WHAT NEEDS TO BE DONE -> If a line below falls between the line with "En av de fremtredende" and the line with "An IPOB loyalist", or is one of those two, output it exactly; output nothing else and no pictures.

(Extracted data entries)
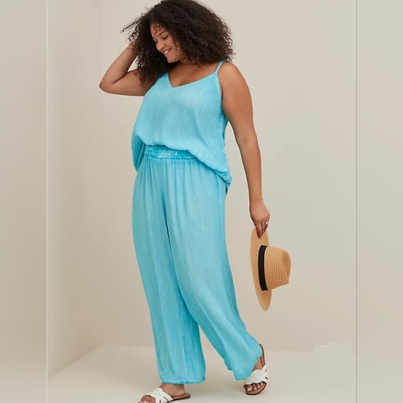 cropped Tank and Pants. A stunning Turquoise Was Guaze Set. Absolutely beautiful color you will love this set.
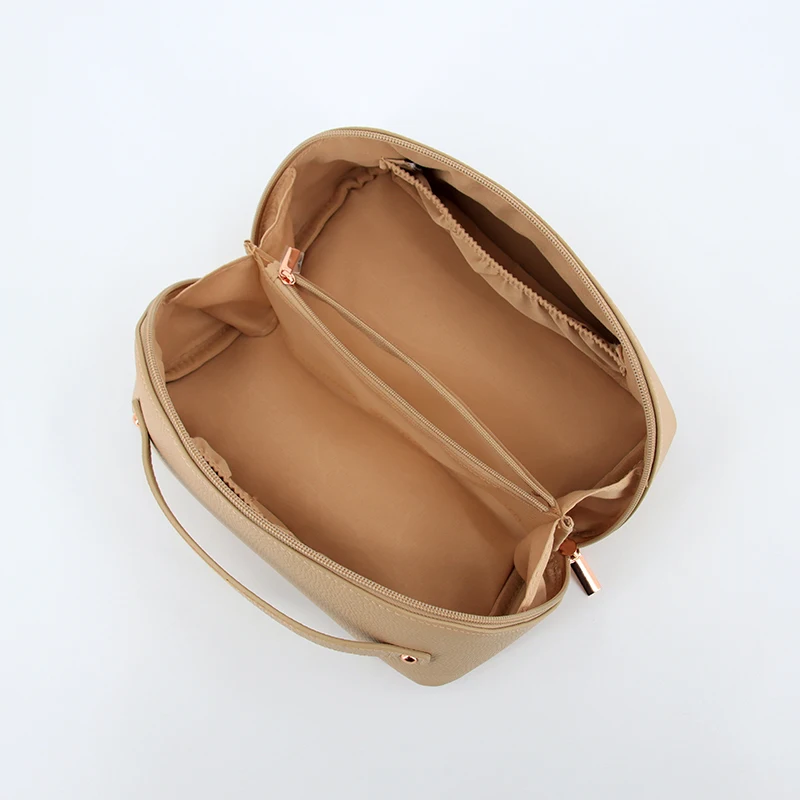En av de fremtredende egenskapene ved denne kosmetikkposen er håndtakdesignet, som gjør den enkel å ta med seg uansett hvor du går. Enten du reiser eller bare drar ut for dagen, er denne sminkesaken den ideelle reisevennen. Håndtaket er sterkt og solid, så du kan stole på at dine skjønnhetsprodukter er trygge og sikkert oppbevart inne i posen.
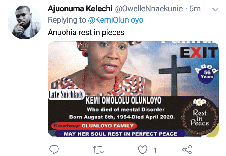 An IPOB loyalist has taken to twitter to showoff comic obituary picture he designed for Kemi Olunloyo after she alleged that Nnamdi Kanu is dead.
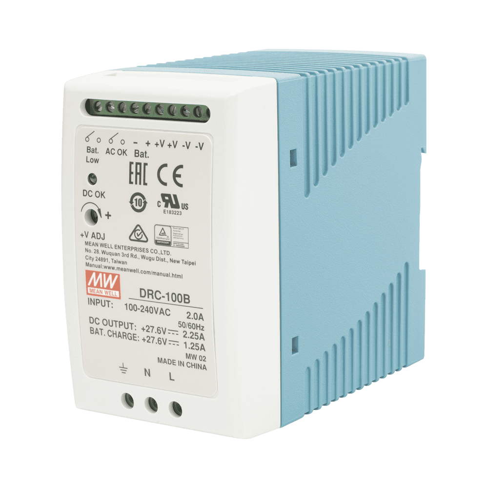 Fuente de poder Riel Din 24V, 100W con Cargador de Bateria. Marca: MEANWELL. Modelo: DRC-100-B.
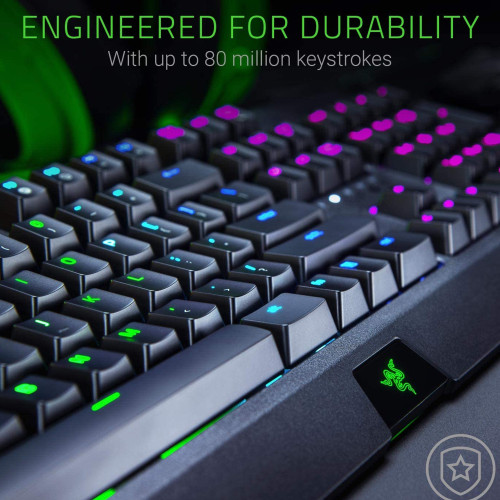 دکمههایی که روی کیبورد ریزر مدل BLACKWIDOW GREEN SWITCHS وجود داره قابلیت ضربهپذیری تا 80 میلیون کلیک داره و میتونین با خیال راحت، بهصورت طولانیمدت از این دستگاه استفاده کنین.
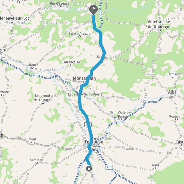 Prendre à droite et rejoindre A62. Continuer sur 33 kilomètres
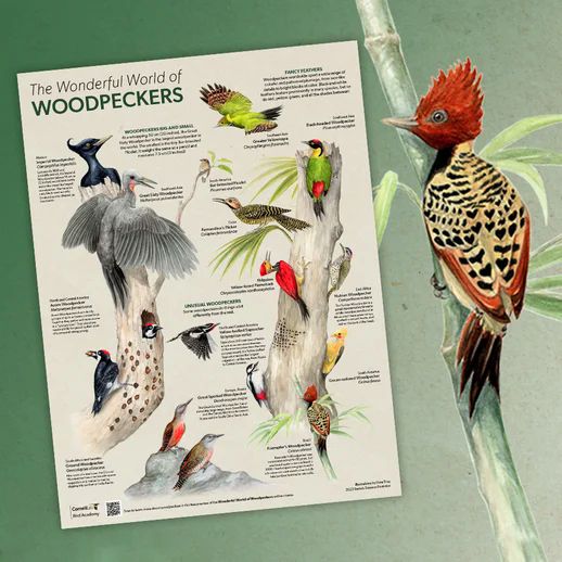 Celebrate the diversity and wonder of woodpeckers with a Free Woodpecker Poster that is beautifully illustrated and full of fun facts at Wonderful_Woodpecker_Poster_02012024.pdf. You can download and print a copy, or keep the .pdf for reference in your personal files.

RESPONSE TO THE TASK ->
En av de fremtredende egenskapene ved denne kosmetikkposen er håndtakdesignet, som gjør den enkel å ta med seg uansett hvor du går. Enten du reiser eller bare drar ut for dagen, er denne sminkesaken den ideelle reisevennen. Håndtaket er sterkt og solid, så du kan stole på at dine skjønnhetsprodukter er trygge og sikkert oppbevart inne i posen.
 An IPOB loyalist has taken to twitter to showoff comic obituary picture he designed for Kemi Olunloyo after she alleged that Nnamdi Kanu is dead.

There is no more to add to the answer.